DATA SUPPLIED:
● ● ● ● ●

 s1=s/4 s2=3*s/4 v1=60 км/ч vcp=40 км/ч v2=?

● ● ● ● ●

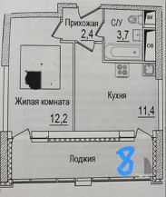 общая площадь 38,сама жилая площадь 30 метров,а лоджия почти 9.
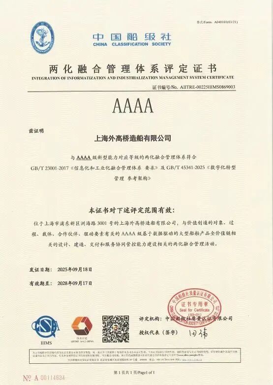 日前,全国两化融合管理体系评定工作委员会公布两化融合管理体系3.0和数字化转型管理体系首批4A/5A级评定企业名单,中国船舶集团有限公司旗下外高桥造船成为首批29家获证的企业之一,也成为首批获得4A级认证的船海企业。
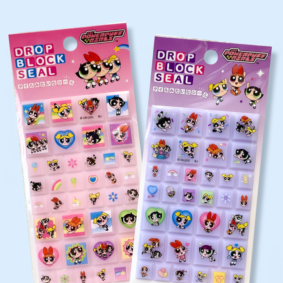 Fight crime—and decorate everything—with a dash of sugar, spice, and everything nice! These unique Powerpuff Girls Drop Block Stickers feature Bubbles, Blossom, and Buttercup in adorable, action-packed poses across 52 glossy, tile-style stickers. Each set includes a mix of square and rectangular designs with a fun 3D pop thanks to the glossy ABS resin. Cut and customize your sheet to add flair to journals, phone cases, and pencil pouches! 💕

● ● ● ● ●

INSTRUCTIONS TO FOLLOW: Using the data above, retype exactly and only the lines from the one containing "общая площадь 38,сама" up to and including the one containing "Fight crime—and decorate", with no pictures carried over.

RESULT OF THIS EXERCISE:
 общая площадь 38,сама жилая площадь 30 метров,а лоджия почти 9.
 日前,全国两化融合管理体系评定工作委员会公布两化融合管理体系3.0和数字化转型管理体系首批4A/5A级评定企业名单,中国船舶集团有限公司旗下外高桥造船成为首批29家获证的企业之一,也成为首批获得4A级认证的船海企业。
 Fight crime—and decorate everything—with a dash of sugar, spice, and everything nice! These unique Powerpuff Girls Drop Block Stickers feature Bubbles, Blossom, and Buttercup in adorable, action-packed poses across 52 glossy, tile-style stickers. Each set includes a mix of square and rectangular designs with a fun 3D pop thanks to the glossy ABS resin. Cut and customize your sheet to add flair to journals, phone cases, and pencil pouches! 💕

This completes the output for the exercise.